Dear Justean, Thank you for responding to me yesterday. I was really hurting and upset and you were the only one that replied to me. This is so new and fresh for me and I am so all alone with no family members living here except my grown kids who I can't talk too much with them because it is their dad. I really need some feedback from other members who where going through this and it was only you who responded. I thought I would get a little more support from this forum because I am in crisis right now so I am thinking of going to a different forum for support, but thank you Justean for your words, you are truly an angel.


----------



## Amplexor (Feb 13, 2008)

Whitesboro said:


> Mind you, a few months before that he bought me a new wedding ring. And over the summer he bought me all new furniture and redid the hardwood floors along with painting. We did all the work ourselves, me working right by his side. Why all this and then he leaves? Please, I need somesone to explain this to me.

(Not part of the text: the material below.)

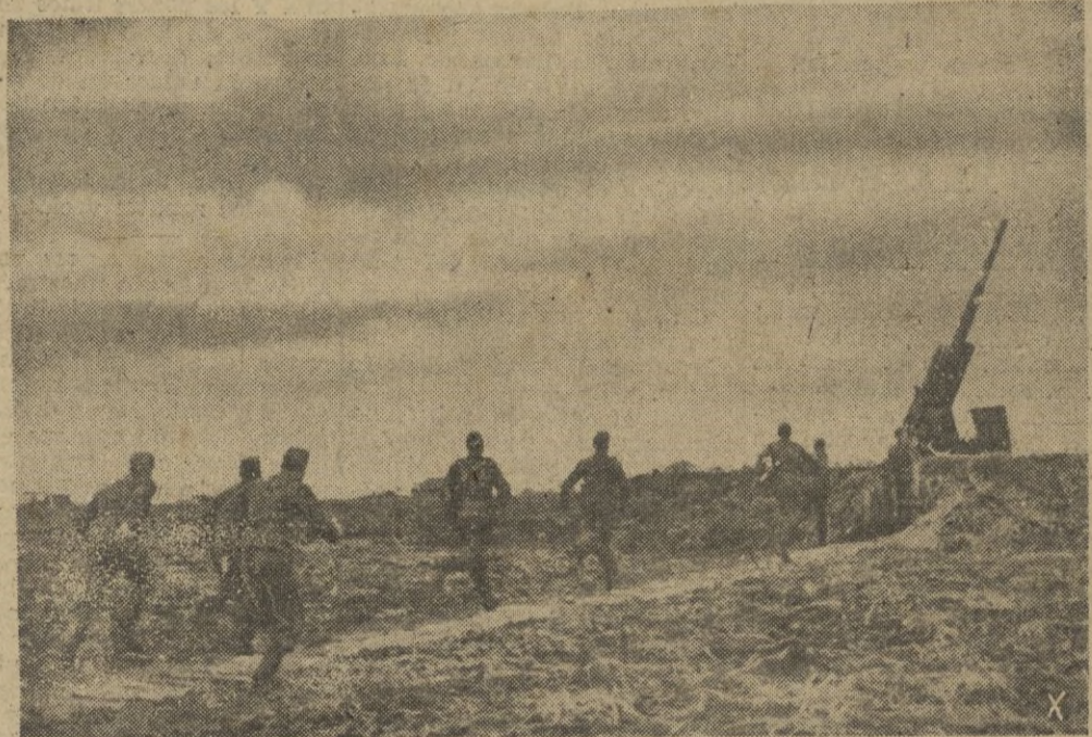
A aparecer aviones enemigos, en pocos segundos quedará listo para disparar el cañón del 8,8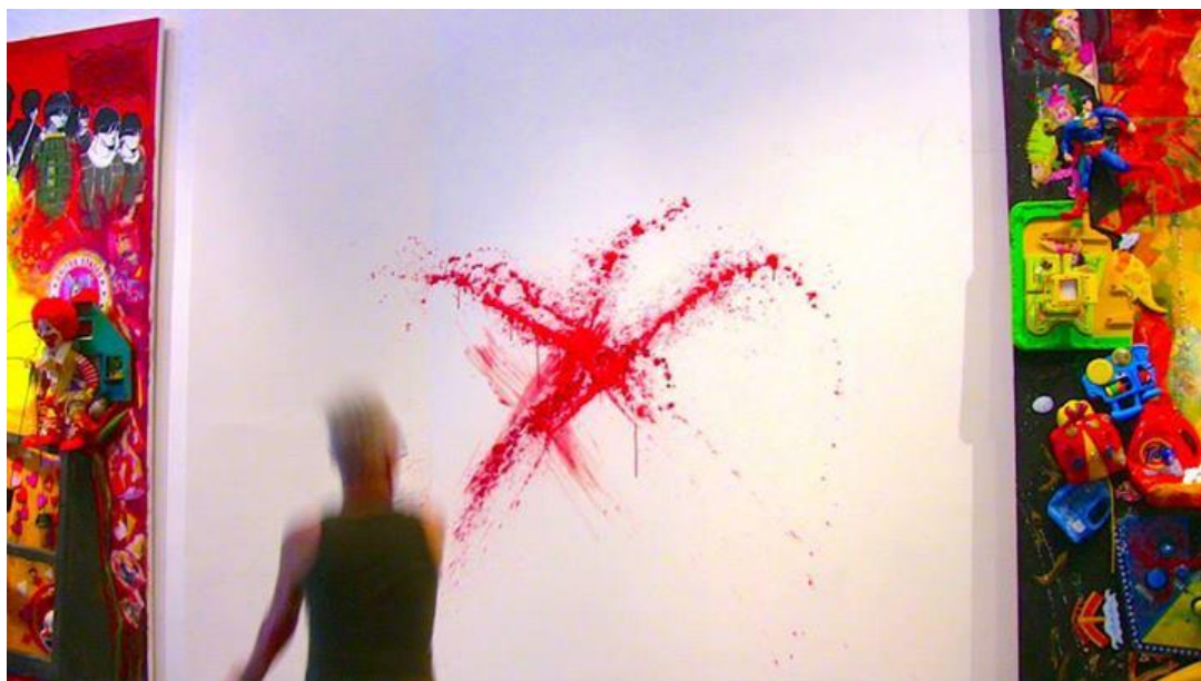
Fotografie z prvního krvavého X na vyžádání na pozvání na výstavu 100%Crap Exhibition v New Yorku 3. května 2014

First off I am so sorry your post went so long unsupported. Sometimes they slip through the cracks and fall off the radar. Justean, thank you for resurrecting this. I believe your husband gave you the wedding ring because as that point he was truly wrestling with his feelings and commitment to the marriage. The furniture, flooring and painting could have been the same thing or it could have been he was tying up loose ends before he left. Wanted to leave you with some projects and needs taken care of. If your husband has not contacted you in 4 weeks and has left you holding the bag on the bills and chores he has left the marriage and in my mind is not much of a man. He has shirked his moral and legal responsibilities here. He is not contemplating reconciliation, his feelings or obligations. He has walked out on you. I am so sorry. I believe your best course of action is to see a shark and file for divorce. (To any attorneys out there, I use that term in a positive way. Aggressive lawyer who will fight tooth and nail for their client.)  Since you don’t know where to reach him have him served at his place of employment. Disconnect from him and recognized he is the one at fault here. The reasons he left are not as important as the manner in which he did. He left you high and dry and there must be atonement. Morally, spiritually and financially. While having this happen after so many years of marriage must be devastating, it will get better. Hang on to yourself. Go to your children for emotional support. Talk with a close friend and come here for advice and help. It will get easier but your in the thick of it now.


----------



## now_what (Sep 17, 2008)

Hi! How are you today? You can be honest. I did send you a PM a while ago, but didn't know if you read it or wanted to reply to me. Our situations are pretty much similar - I thought we could offer support to each other. Keep in touch if you would like.


----------